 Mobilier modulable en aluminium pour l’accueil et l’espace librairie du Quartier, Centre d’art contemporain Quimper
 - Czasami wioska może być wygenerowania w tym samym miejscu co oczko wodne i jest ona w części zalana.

---

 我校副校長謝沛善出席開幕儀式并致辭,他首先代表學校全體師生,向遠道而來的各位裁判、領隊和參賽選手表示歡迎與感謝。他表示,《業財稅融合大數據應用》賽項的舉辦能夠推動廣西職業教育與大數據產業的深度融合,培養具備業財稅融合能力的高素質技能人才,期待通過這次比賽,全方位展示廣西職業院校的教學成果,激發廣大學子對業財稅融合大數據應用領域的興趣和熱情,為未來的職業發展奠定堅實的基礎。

==

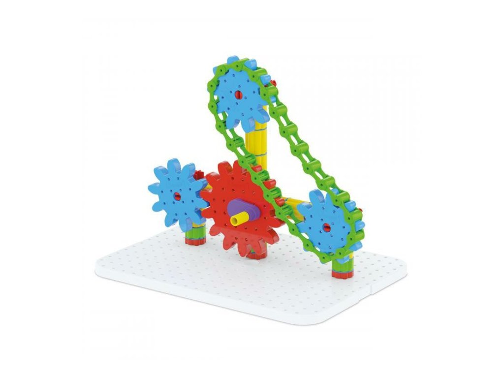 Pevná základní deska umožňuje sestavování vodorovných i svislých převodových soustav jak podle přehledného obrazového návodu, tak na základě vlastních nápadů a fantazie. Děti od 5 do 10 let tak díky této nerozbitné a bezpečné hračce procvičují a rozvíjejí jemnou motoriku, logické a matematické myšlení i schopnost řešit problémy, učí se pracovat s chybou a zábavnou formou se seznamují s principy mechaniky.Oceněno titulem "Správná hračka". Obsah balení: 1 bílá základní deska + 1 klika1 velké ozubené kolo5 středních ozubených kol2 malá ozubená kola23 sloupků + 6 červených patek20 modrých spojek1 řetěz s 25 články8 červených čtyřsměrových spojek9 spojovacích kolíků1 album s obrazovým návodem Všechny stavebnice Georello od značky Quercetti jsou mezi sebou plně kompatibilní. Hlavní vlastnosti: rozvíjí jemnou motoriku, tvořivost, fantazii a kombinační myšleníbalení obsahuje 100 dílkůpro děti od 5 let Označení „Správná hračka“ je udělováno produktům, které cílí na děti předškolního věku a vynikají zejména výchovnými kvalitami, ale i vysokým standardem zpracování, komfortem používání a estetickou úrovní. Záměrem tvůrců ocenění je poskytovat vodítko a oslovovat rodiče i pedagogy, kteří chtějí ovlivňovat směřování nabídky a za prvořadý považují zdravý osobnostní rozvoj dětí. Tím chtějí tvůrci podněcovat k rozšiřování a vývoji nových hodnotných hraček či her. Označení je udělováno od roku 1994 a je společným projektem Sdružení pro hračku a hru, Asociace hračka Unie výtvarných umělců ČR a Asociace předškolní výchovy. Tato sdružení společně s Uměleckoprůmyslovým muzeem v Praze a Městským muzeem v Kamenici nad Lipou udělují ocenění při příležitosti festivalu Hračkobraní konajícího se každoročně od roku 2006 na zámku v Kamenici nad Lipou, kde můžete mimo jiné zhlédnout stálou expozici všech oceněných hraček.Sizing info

**Exercise objective:** Every line above from the line with "Mobilier modulable en" to the line with "- Czasami wioska" is wanted, ends included; write them out exactly and add no other line.

**Output of the task:**
 Mobilier modulable en aluminium pour l’accueil et l’espace librairie du Quartier, Centre d’art contemporain Quimper
 - Czasami wioska może być wygenerowania w tym samym miejscu co oczko wodne i jest ona w części zalana.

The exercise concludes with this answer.